If you find our paper or code useful, please reference this work in your paper:

@inproceedings{perrella-etal-2022-matese,
    title = "{M}a{TES}e: Machine Translation Evaluation as a Sequence Tagging Problem",
    author = "Perrella, Stefano  and
      Proietti, Lorenzo  and
      Scir{\`e}, Alessandro  and
      Campolungo, Niccol{\`o}  and
      Navigli, Roberto",
    booktitle = "Proceedings of the Seventh Conference on Machine Translation (WMT)",
    month = dec,
    year = "2022",
    address = "Abu Dhabi, United Arab Emirates (Hybrid)",
    publisher = "Association for Computational Linguistics",
    url = "https://aclanthology.org/2022.wmt-1.51",
    pages = "569--577",
}

How to Use

Prerequisites

  • Python 3.9 or later

Installation

Clone the repository and install the required dependencies:

cd MaTESe
pip install -r requirements.txt --extra-index-url https://download.pytorch.org/whl/cu116
pip install -e ./src

Download the checkpoints of the models and put them in the checkpoints directory

MaTESe (English only):

https://drive.google.com/file/d/12LmxaQP_s42RKORHeII97hJlNyUS2Pgg/view?usp=sharing

MaTESe (Supports English, German and Russian as target languages):

https://drive.google.com/file/d/1uajyhYYCu3qPfHNIU3RR2NXsvNIyYL4L/view?usp=sharing

MaTESe-QE (Supports the language pairs en-de, zh-en and en-ru):

https://drive.google.com/file/d/1ZFYTNroMijr9-vYyc1WL0DPnmyrJfwa_/view?usp=sharing

Usage

MaTESe can be used in several ways:

  1. From the command line: You need to populate two out of the following three files: data/sources.txt, data/candidates.txt, and data/references.txt. Each line of these files must contain respectively a sentence in the source language, its candidate translation, and the corresponding reference translation (sources.txt is not needed if you are using MaTESe, references.txt is not needed if you are using MaTESe-QE).

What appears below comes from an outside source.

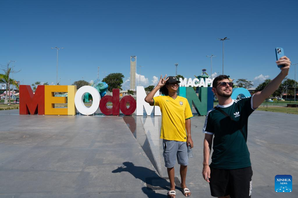 AMAPA, 10 noviembre, 2025 (Xinhua) -- Imagen del 9 de noviembre de 2025 de visitantes tomándose una fotografía cerca del Monumento Marco Zero, un punto de referencia que marca el Ecuador, en Macapá, capital del estado de Amapá, Brasil. Hoy, mientras la atención mundial se centra en la conservación del Amazonas, Macapá se erige como un claro ejemplo de armonía entre la vida humana y la naturaleza. (Xinhua/Wang Tiancong)
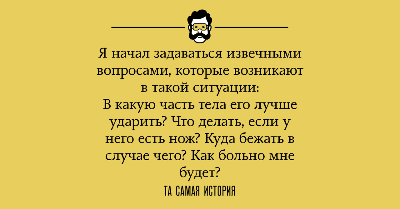 Я начал задаваться извечными вопросами, которые возникают в такой ситуации: в какую часть тела его лучше ударить; что делать, если у него есть нож; куда бежать в случае чего; как больно мне будет и прочими, как вдруг раздался второй голос:

    To run the evaluation using MaTESe, use the following command:

    python src/matese.py

    For the English-only version instead:

    python src/matese.py --metric matese-en

    And if you want to use MaTESe-QE:

    python src/matese.py --metric matese-qe

    These commands will create the files data/output.scores.txt and data/output.spans.txt with the result of the evaluation.

  2. Interactively: If you prefer an interactive mode, you can use MaTESe with Streamlit:

    streamlit run src/demo.py

    This will start the Streamlit app. You can follow the instructions in the app to evaluate your translations.

  3. Programmatically: In the following example you can see how it is possible to use MaTESe metrics in a Python program:

    from matese.metric import MaTESe
    
    candidates = ["This is a wrong translation in English"]
    references = ["This is a sentence in English"]
    
    metric = MaTESe.load_metric('matese-en') # pass 'matese' or 'matese-qe' for the other versions
    assessments = metric.evaluate(candidates, references=references)
    
    print(assessments[0])
    {'spans': [{'offset': (9, 27), 'error': 'Major'}], 'score': -5}
    

License

This work is under the Attribution-NonCommercial-ShareAlike 4.0 International (CC BY-NC-SA 4.0) license.